A “park position” should preferably be understood as a position which a wiper arm of a wiper device assumes when the wiper device is statically in an idle state, in particular free from an activated wiping operation. In particular, the park position of the wiper arm, especially of an area of the wiper arm in which the wiper blade is arranged, essentially corresponds to the lowest turning point of the wiper arm during an oscillating swivel movement. However, it would also be conceivable for the park position to be below a lower reversal point of the wiper arm, for example if the wiper arm is moved further under a hood of the vehicle into the park position after a wiping operation. The park position is preferably arranged, in particular in the case of electronically controlled wiper devices, in particular below a lowest reversal point of the wiper arm of an oscillating swivel movement on a window to be wiped, in particular during a wiping process. In the park position, the wiper arm, in particular the area of the wiper arm in which the wiper blade is arranged, is preferably located in an area, in particular of maximum 30 cm, preferably maximum 15 cm, particularly preferably maximum 5 cm, of an edge, in particular a colored edge area, of a window to be wiped, in particular a motor vehicle window. It is conceivable that the park position of the wiper arm is arranged at the outer turning circle of a swivel movement on the pane to be wiped at a distance of maximum 50 cm, preferably maximum 30 cm, particularly preferably maximum 15 cm, from the lowest turning point of the wiper arm of an oscillating swivel movement on the pane to be wiped, in particular during a wiping process. It is also conceivable that the park position is arranged above or to the side of a highest reversal point of the wiper arm of an oscillating swivel movement on the window to be wiped, in particular during a wiping process. The “corrected park position” is in particular a changed park position, in which in particular a motor rotation position is adjusted in relation to the park position. The corrected park position and the park position are each formed by static wiper positions. In particular, the corrected park position is independent of the actual position of the wiper blade.
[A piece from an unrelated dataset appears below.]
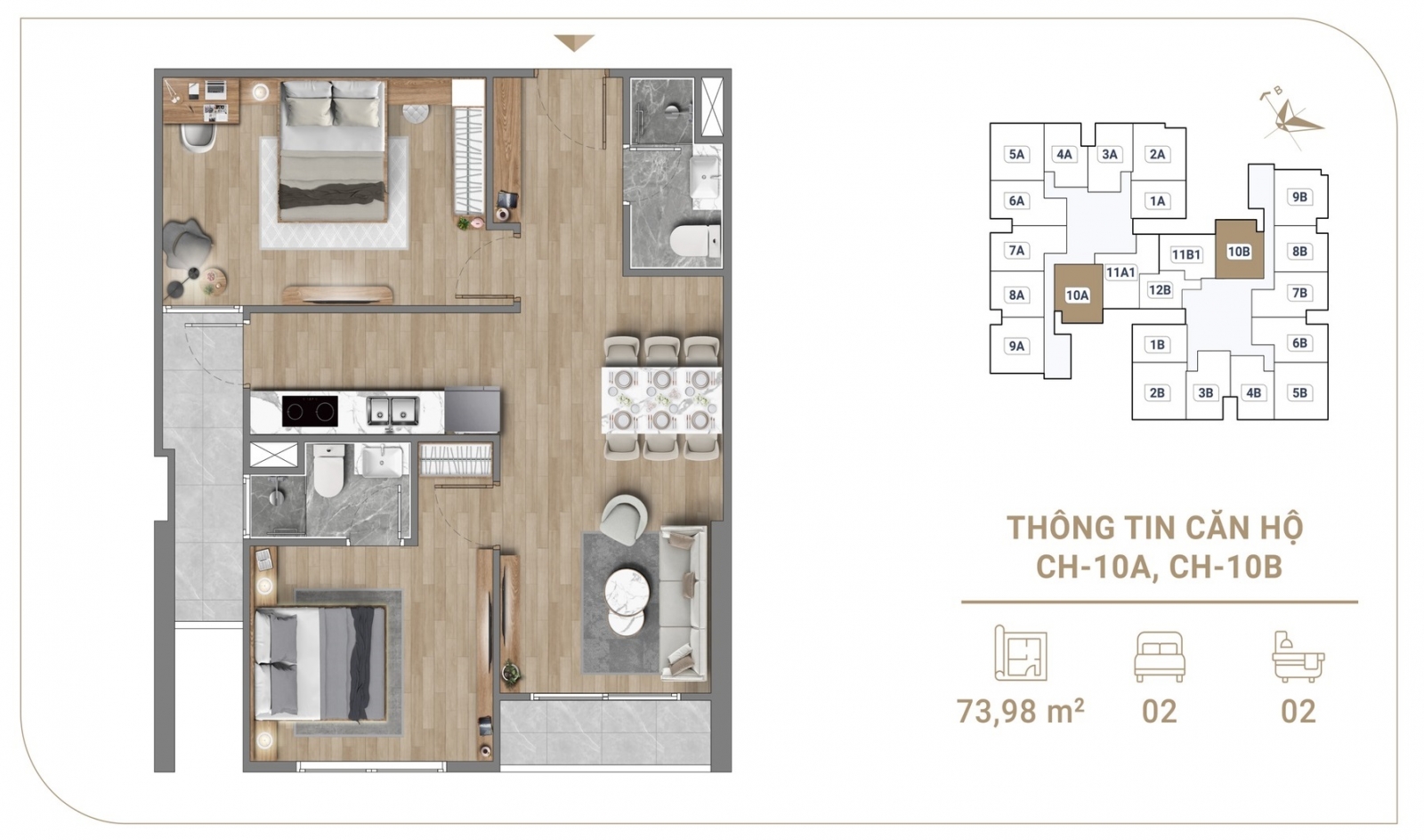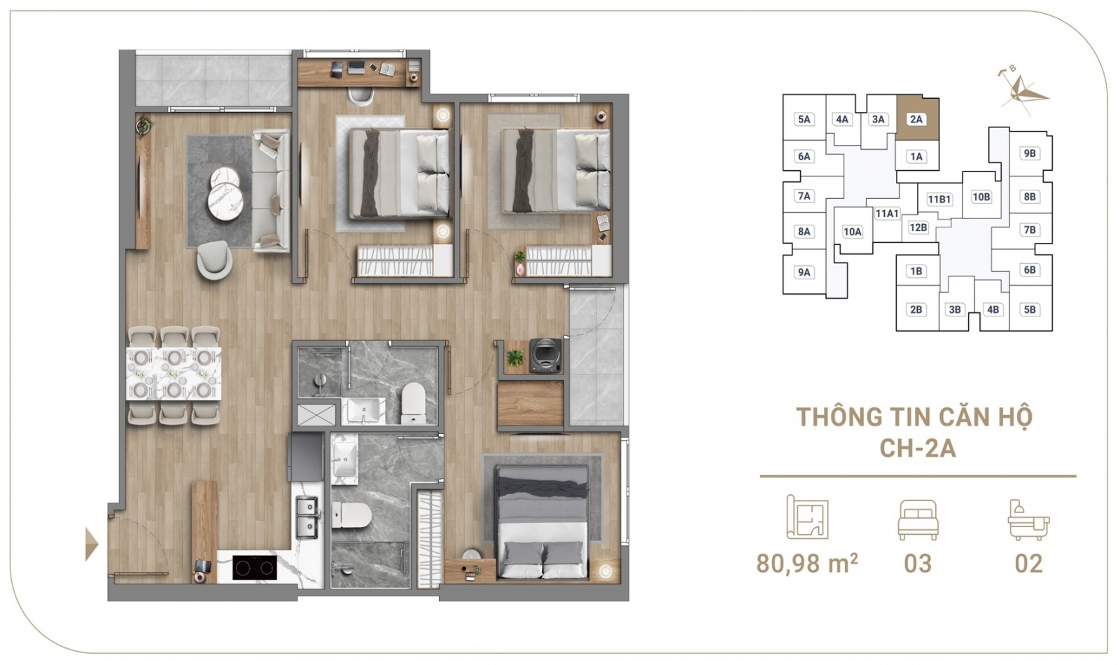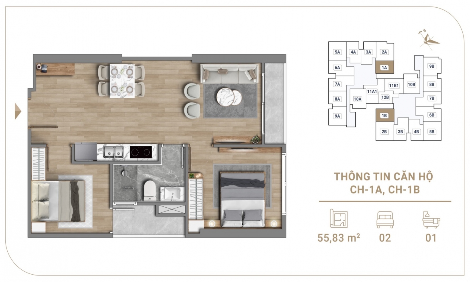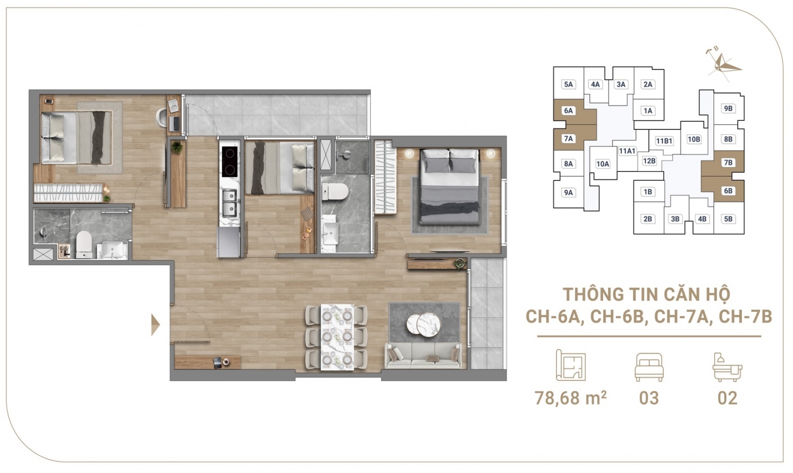 - Diện tích căn hộ: 56-65-67-76-77-79-80-98 m2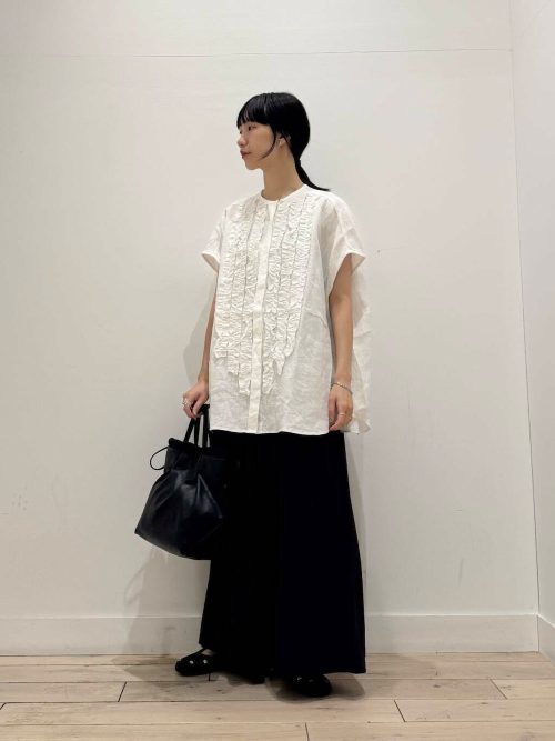 白のフリルブラウスに黒のロングスカートをあわせた、上品なモノトーンコーデです。ブラウスは胸元に立体的なフリルがあしらわれており、顔周りを華やかに演出。ゆったりとしたシルエットと、少し透け感のある素材が涼しげな印象を与えます。

In particular, the wiper blade can have a different orientation relative to the wiper drive compared to the park position due to an air flow, for example.

The term “computing unit” is understood in particular to mean a unit having an information input, information processing, and an information output. Advantageously, the computing unit comprises at least one processor, a storage, input and output means, further electrical components, an operating program, regulating routines, control routines, and/or calculation routines. The components of the computing unit are preferably arranged on a common board and/or advantageously arranged within a common housing. “Provided” is preferably to be understood as meaning specifically configured, specifically designed and/or specifically equipped. An object being provided for a specific function is preferably to be understood to mean that the object fulfils and/or carries out this specific function in at least one application and/or operating state.

In this context, a “speed parameter” is to be understood in particular as a parameter of the vehicle which provides information on the wind flow onto a windshield of the vehicle. The speed parameter can be formed both by a specific driving speed of the vehicle and by an acting wind speed. In particular, various speed parameters are conceivable that would appear useful to a person skilled in the art.

The method according to the invention can be used in particular to achieve an advantageously low/nominal park position when the vehicle is stationary and at low vehicle speeds, wherein at high vehicle speeds in particular a wind influence is compensated for. With wiper devices, the wiper blade is in a nominal park position. Due to aerodynamic effects, a load is applied to the wiper blade, which would shift the wiper blade out of the park position and cause the wiper blade to start vibrating on the windshield, which in turn would produce a very loud knocking noise on the windshield. The correction of the park position according to the invention can prevent the wiper blade from shifting into an unfavorable position due to wind. Instead, the wiper blade can be brought into a flow area in which a targeted wind load, in particular directed onto a spoiler surface of the wiper blade, holds the wiper blade in position and/or a speed-dependent wind load moves the wiper blade into a defined, advantageous position.

It is further proposed that, in the at least one adjustment step, the computing unit drives the wiper drive to move from the park position to a corrected park position depending on a speed of the vehicle. In particular, an angular In particular, an angular position of the wiper drive is changed by a defined value of the wiper drive is changed by a defined value. In particular, this makes it possible to adjust the position of the wiper arm depending on the speed.

Furthermore, it is proposed that the corrected park position is located in the upswing direction to the park position. In particular, the swing-up direction is a direction that points from the rest position and/or the park position in the direction of the upper reversal point. To move the wiper arm from the park position to the corrected park position, the wiper arm is therefore swiveled partially upwards in particular. This allows the wiper blade to be moved at least partially out of the slipstream of the vehicle hood.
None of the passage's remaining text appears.